- [PROVIDED MATERIAL]:
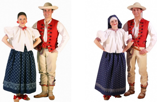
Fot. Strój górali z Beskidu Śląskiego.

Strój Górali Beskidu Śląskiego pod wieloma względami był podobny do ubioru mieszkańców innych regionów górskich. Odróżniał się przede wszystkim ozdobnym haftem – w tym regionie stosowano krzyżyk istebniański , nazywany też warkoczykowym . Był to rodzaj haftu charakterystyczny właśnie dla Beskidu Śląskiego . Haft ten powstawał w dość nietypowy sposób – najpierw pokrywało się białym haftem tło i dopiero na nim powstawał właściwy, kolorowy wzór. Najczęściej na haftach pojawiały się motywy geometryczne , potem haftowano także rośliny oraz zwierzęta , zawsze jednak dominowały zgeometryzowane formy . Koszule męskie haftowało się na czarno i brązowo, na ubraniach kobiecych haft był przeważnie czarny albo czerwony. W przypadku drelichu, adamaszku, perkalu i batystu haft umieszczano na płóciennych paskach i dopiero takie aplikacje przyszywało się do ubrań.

--

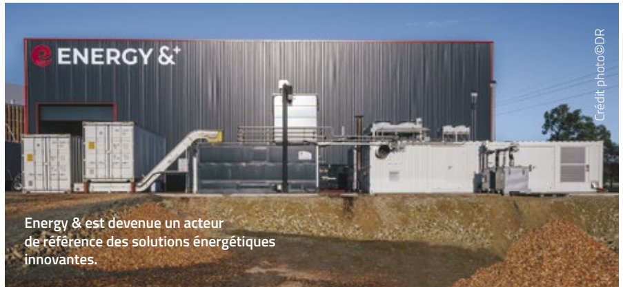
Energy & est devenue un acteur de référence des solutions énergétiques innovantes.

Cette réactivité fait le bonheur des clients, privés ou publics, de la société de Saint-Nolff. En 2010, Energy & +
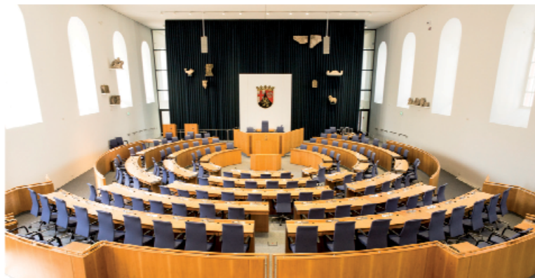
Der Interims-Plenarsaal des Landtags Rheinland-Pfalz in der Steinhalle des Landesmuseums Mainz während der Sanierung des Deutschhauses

- [WHAT YOU HAVE TO DO]: Above are the entries. Copy exactly the part that opens with the line containing "Fot. Strój górali z Beskidu Śląskiego." and closes with the line containing "Strój Górali Beskidu", and no more.

- [RESPONSE FOR THIS EXERCISE]:
Fot. Strój górali z Beskidu Śląskiego.

Strój Górali Beskidu Śląskiego pod wieloma względami był podobny do ubioru mieszkańców innych regionów górskich. Odróżniał się przede wszystkim ozdobnym haftem – w tym regionie stosowano krzyżyk istebniański , nazywany też warkoczykowym . Był to rodzaj haftu charakterystyczny właśnie dla Beskidu Śląskiego . Haft ten powstawał w dość nietypowy sposób – najpierw pokrywało się białym haftem tło i dopiero na nim powstawał właściwy, kolorowy wzór. Najczęściej na haftach pojawiały się motywy geometryczne , potem haftowano także rośliny oraz zwierzęta , zawsze jednak dominowały zgeometryzowane formy . Koszule męskie haftowało się na czarno i brązowo, na ubraniach kobiecych haft był przeważnie czarny albo czerwony. W przypadku drelichu, adamaszku, perkalu i batystu haft umieszczano na płóciennych paskach i dopiero takie aplikacje przyszywało się do ubrań.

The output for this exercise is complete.